Thursday: Hili dialogue

It’s Thursday already: March 8, 2018, National Peanut Cluster Day (yeech). Better yet, it’s International Women’s Collaboration Brew Day, celebrating women brewmasters (brewmistresses?) who make craft beer.

More important, it’s International Women’s Day itself. Be sure you see the Twitter collection,  “How the world is celebrating International Women’s Day” There are some touching tweets and some funny ones; here’s one that’s both—and very American (this is a McDonald’s in California, and the hamburger company is also changing its website logo for today; see below):

From the webpage (click on screenshot):

Happy IWD from the women of Simon’s Cat!

And if you click on the Google Doodle below, and then on the purple arrow on the linked page, it will take you to a page of twelve women’s stories, each comprising a series of illustrated frames with text.

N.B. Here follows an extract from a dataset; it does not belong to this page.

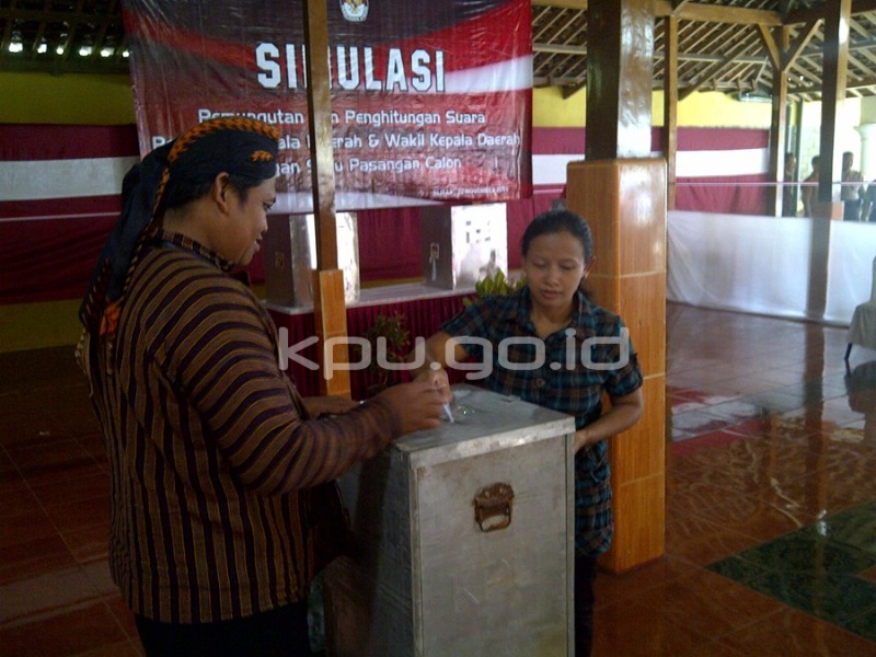 Hal tersebut disampaikan oleh Komisioner KPU RI, Hadar Nafiz Gumay saat membuka acara simulasi pemungutan dan penghitungan suara dengan satu pasangan calon, di Tempat Pemungutan Suara (TPS) 3, Desa Pager Wejo, Kecamatan Kesamben, Kabupaten Blitar. Minggu (22/11) turut hadir pada acara tesebut Komisioner KPU RI, Arief Budiman dan Ferry Kurnia Rizkiyansyah, Kapolsek Blitar, dan camat kesamben.

On this day in 1618, Johannes Kepler discovered the third law of planetary motion. Do you know his three laws? If not, go here. On March 8, 1817, the New York Stock Exchange was founded. And, appropriately for this day, it was on March 8, 1910, that the French aviator Raymonde de Laroche became the world’s first woman to receive a pilot’s license. (Speaking of which, I hope to get to the latest Amelia Earhart “finding” later today.) Sadly, Laroche crashed and died nine years later. Here she is in her  Voisin aeroplane in 1909:

On this day in 1965, the first US land combat forces to engage in Vietnam landed in that country: 3500 Marines. Exactly six years later, in 1971, the “Fight of the Century” between Muhammad Ali and Joe Frazier took place in Madison Square Garden in New York City. It was the first time that two undefeated heavyweight fighters faced each other for the championship; Frazier won by unanimous decision after 15 rounds.  On March 8, 1974, Charles de Gaulle Airport opened in Paris, and I’ll be landing there in May.  Finally, on this day in 1979, the Philips company made its first public demonstration of the compact disc. Now they’re almost obsolete!

Notables born on March 8 in include Oliver Wendell Holmes, Jr. (1841), Otto Hahn (1879), Cyd Charisse (1922), John McPhee (1931; I love his books), Lynn Redgrave (1943) and Rabbi Jonathan Sacks (1948). Those who died on this day include Hector Berlioz (1869), Millard Fillmore (1874), Henry Ward Beecher (1887), William Howard Taft (1930), the Japanese dog Hachikō (1923; the only animal I’ve seen memorialized in this way on Wikipedia), Billy Eckstine (1933), Joe DiMaggio (1999), and the great George Martin (2016).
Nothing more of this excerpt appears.